Good tooling to suggest sensible heuristics, to correct for these false positives does not exist, and this is one problem (among many others), that VisionChain aims to solve.

This same style of heuristics are also extremely helpful for both labelling data and for online active-learning in resource constrained environments (other techniques include frame-frame jitter, and threshold based sampling).

Similarly there may be a very simple condition for when you should not predict, such as excessive blur, or insufficient exposure. Some business requirements demand that your product must always predict, but many others require high specificity and demand that when your model predicts, it must predict well (potentially due to a high cost automatic intervention).

A neural network based object detector can be used to improve the rules (via analysis of its predictions), while the rules can be used to improve the neural network (by increasing the size of the dataset).

Most practitioners take inspiration from systems like Tesla's Data Engine, building ever larger dataset in order to teach Neural Networks simple rules, but most practical Machine Learning problems are not this open-ended. Most involve a set of fixed cameras in which object sizes are relatively consistent, and most deployments are aimed at solving a business application, which is not sufficiently addressed by just identifying objects, but instead is resolved by recognising an unexpected combination of items within a certain distance from each other, or the presence of one object in the absense of another etc.

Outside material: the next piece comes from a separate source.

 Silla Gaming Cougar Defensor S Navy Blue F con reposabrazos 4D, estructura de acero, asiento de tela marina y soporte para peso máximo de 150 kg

Most applications are composite problems, to build a complete product you must both recognise a region of interest and then detect all objects within it, or flag the presence of one object in the absence of another etc.

The main downside of such approaches is the manual time to develop sensible rules, but with well-designed software, this need not be so. Rules can be suggested by analysis of a COCO dataset, and accepted or rejected by a developer.

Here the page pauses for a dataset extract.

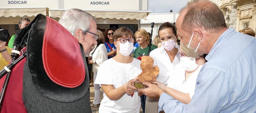 La banda cartagenera de gaitas y percusión, que ha amenizado hoy la inauguración de la feria 'Inclusiones', ha recibido una obra donada por el escultor Juan José Quirós, en reconocimiento a su colaboración desinteresada.

With the recent development of 'foundational models', there will be huge growth in 'training free' deployments, where a model (like grounding dino) is sufficiently accurate to deploy for a problem, but requires some guard rails specific to the dataset at hand. Models like GPT required LangChain, now models like GroundingDino need VisionChain. In an environment where GPU demand looks likely to continue to outstrip supply, such techniques will be needed to continue the democratization of Deep Learning applications.

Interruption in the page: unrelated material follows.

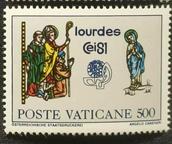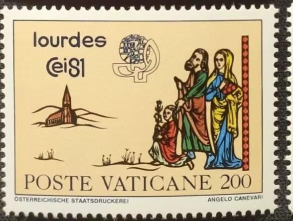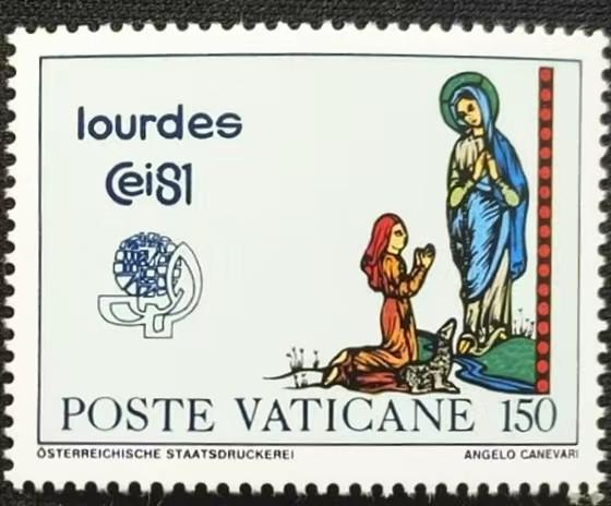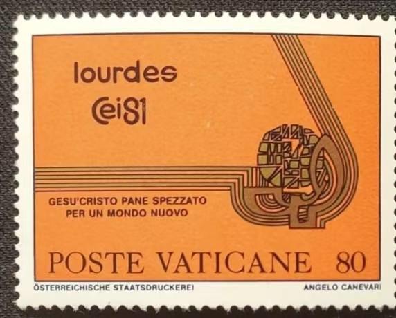 我们今天看到的这一组4枚邮票是 1981 年 4 月 11 日天主教在法国在卢尔德召开的第 34 届国际圣餐会议,围绕圣体圣事相关神学、圣餐礼实践、教会使命与牧灵工作、信徒灵性成长与生活等多方面进行了探讨。与会者包括罗马天主教的主教、神父、修道者和普通信徒等,他们来自世界各地。在会议期间有专门的活动来纪念第一次圣体(圣餐)圣事会议 100 周年,包括特别的弥撒、祈祷和反思等,有助于与会者回顾天主教会的历史和传统,增强对圣体(圣餐)圣事的敬畏与热爱。为此,梵蒂冈邮局发行了这套纪念邮票。

Below is a glimpse at the API:

preprocessor = Preprocessor([
  NoPredictFilter(Blur(max_value=0.1)),
  NoPredictFilter(Exposure(max_value=0.7, min_value=0.2)),
])
postprocessor = Postprocessor([
    Thresholding(thresholds={'person': 0.5, 'car': 0.5, 'truck': 0.5, 'road': 0.5}),
    ClassAgnosticNMS(nms_threhold=0.8),
    ShapeFilter(min_width=400, min_height=400, class='car'),
    ColourFilter(central_colour='XXX', range='XXX', class='car'),
    OnlyPredictInsideRegionFilter(region_defining_classes=['road'])
])
model = Model(
    preprocessor=preprocessor,
    model_path='model.onnx',
    postprocessor=postprocessor,
    class_list=class_list,
)

The demo would be me using this tooling to apply foundation models to a non-coco dataset and business problem in real-time.